Evangelio según San Juan (15,1-8) Evangelio según San Juan (15,1-8)
En aquel tiempo, dijo Jesús a sus discípulos: “Yo soy la verdadera vid, y mi Padre es el labrador. A todo sarmiento que no da fruto en mí lo arranca, y a todo el que da fruto lo poda, para que dé más fruto.
Vosotros ya estáis limpios por la palabra que os he hablado; permaneced en mí, y yo en vosotros.
Como el sarmiento no puede dar fruto por sí, si no permanece en la vid, así tampoco vosotros, si no permanecéis en mí.
Yo soy la vid, vosotros los sarmientos; el que permanece en mí y yo en él, ese da fruto abundante; porque sin mí no podéis hacer nada. Al que no permanece en mí lo tiran fuera, como el sarmiento, y se seca; luego los recogen y los echan al fuego, y arden.
Si permanecéis en mí y mis palabras permanecen en vosotros, pedid lo que deseáis, y se realizará.
Con esto recibe gloria mi Padre, con que deis fruto abundante; así seréis discípulos míos”.
Comentario
“Yo soy la Vid”, dice el Señor. Vid plantada por el Padre, vid cuajada de sarmientos hermanos. Vid que se mantiene anclada a la tierra para que los sarmientos reciban el agua del cielo. Vid que permanece invariable en la tierra de los hombres para que los hombres permanezcan unidos a los cuidados del Labrador. En esta doble permanencia surge la Vida y sus frutos.
Para el evangelista Juan, permanecer es creer y creer es vivir: “Así seréis discípulos míos” y “daréis fruto abundante”. Quizá por eso es éste uno de sus verbos más queridos. Permanecer indica a la vez estabilidad y proceso, donación y recepción, gratuidad y requerimiento. Es un viaje del corazón de Dios al corazón del hombre y viceversa. El primero en emprender este movimiento es Dios mismo, que planta a su Hijo en medio del mundo. No lo envía como pavesa para el aire sino como grano para la tierra. Para que se hunda, para que se rompa, para que se arraigue... para que se quede. Es una vid eternamente plantada en la tierra con que Dios se quiso desposar: “Ya nunca te llamarán ‘abandonada’, ni a tu tierra ‘desolada’. A ti te llamarán ‘mi deleite’; y a tu tierra, ‘desposada’” (Is 62,4-5).

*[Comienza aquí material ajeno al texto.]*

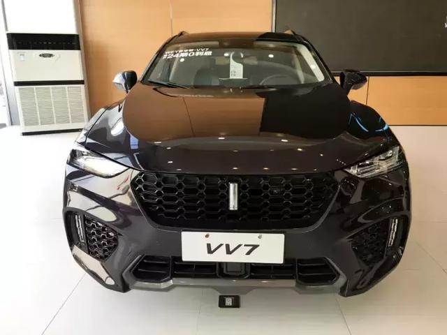 VV7車系下分VV7c和VV7s兩款車,VV7s細節設計上更為運動,配置更高一些,VV7c暫時不賣了,問銷售也不知道為何,展車也都是VV7s,白色是頂配,因為太火爆很難拍到周圍沒有人的時候。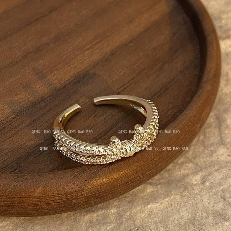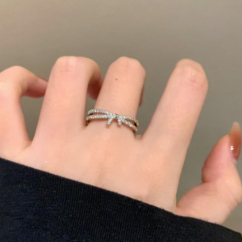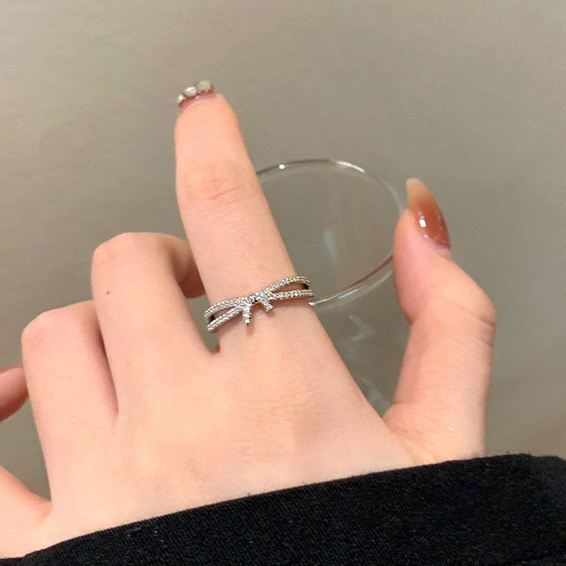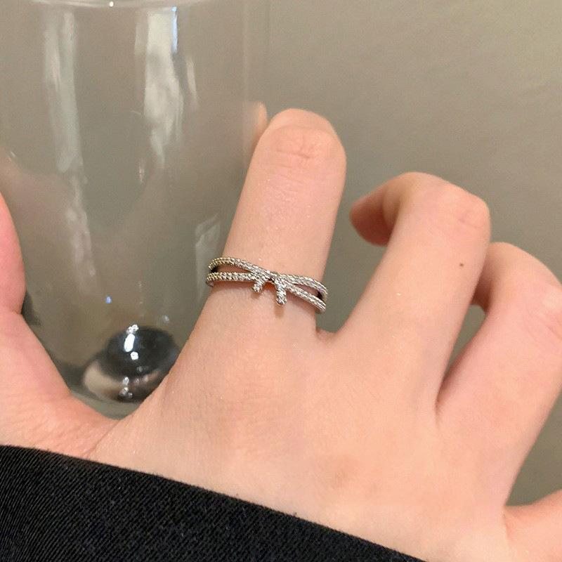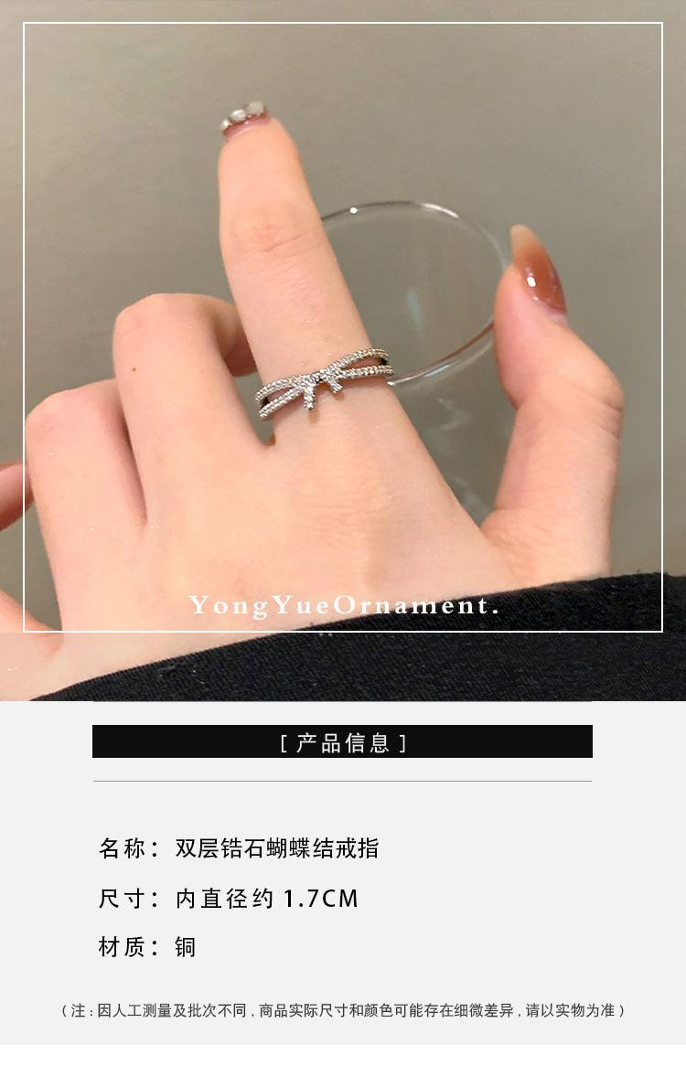 Double-layer zircon bow ring, Double Bow Opening Ring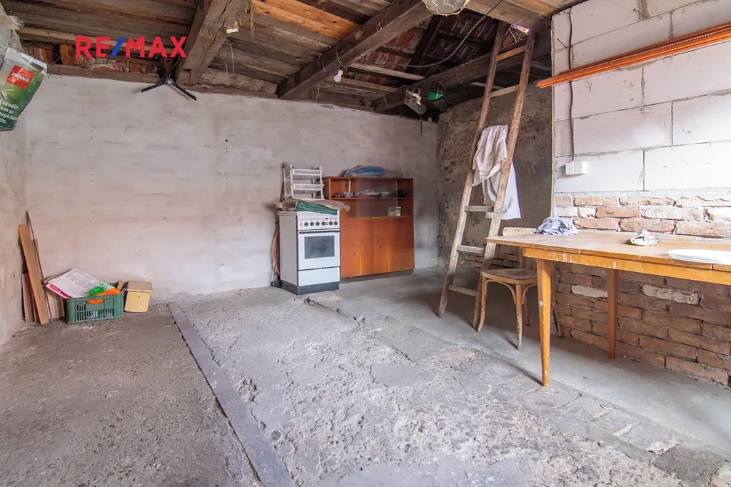K domu patří ještě jedna místnost, kterou lze využít jako dílnu, letní kuchyň nebo společenskou místnost. Tato část je také podsklepená, takže místo pro svůj archiv už hledat nemusíte.

Una vez que Dios ha tomado carne humana, Dios permanece hombre entre los hombres por toda la eternidad. Permanecen su cercanía, su entrega, su alimento, su salvación. Pero el suyo, con ser absolutamente gratuito, no es un ofrecimiento del todo desinteresado: a Dios le interesa sobremanera nuestro amor, nuestra respuesta, nuestro propio ofrecimiento. Y nada de esto puede darse sin un permanecer humano junto al permanecer divino.